Next, create the `yolov3ObjectDetector` object by adding the detection network source. Choosing the optimal detection network source requires trial and error, and you can use `analyzeNetwork` to find the names of potential detection network source within a network. For this example, use the `fire9-concat` and `fire5-concat` layers as `DetectionNetworkSource`.

`yolov3Detector = yolov3ObjectDetector(baseNetwork, classNames, anchorBoxes, 'DetectionNetworkSource', {'fire9-concat', 'fire5-concat'}, InputSize = networkInputSize);`

Alternatively, instead of the network created above using SqueezeNet, other pretrained YOLOv3 architectures trained using larger datasets like MS-COCO can be used to transfer learn the detector on custom object detection task. Transfer learning can be realized by changing the classNames and anchorBoxes.

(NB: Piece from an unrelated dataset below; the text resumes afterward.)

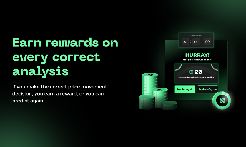 Neon enables users to test their investment skills in crypto and make informed cryptocurrency investment decisions. Investors can learn from the latest crypto trends, analyse price movements and earn rewards for their correct predictions.

### Preprocess Training Data

Preprocess the augmented training data to prepare for training. The `preprocess` method in `yolov3ObjectDetector`, applies the following preprocessing operations to the input data.

• Resize the images to the network input size by maintaining the aspect ratio.

• Scale the image pixels in the range `[0 1]`.

`preprocessedTrainingData = transform(augmentedTrainingData, @(data)preprocess(yolov3Detector, data));`

`data = read(preprocessedTrainingData);`

Display the image with the bounding boxes.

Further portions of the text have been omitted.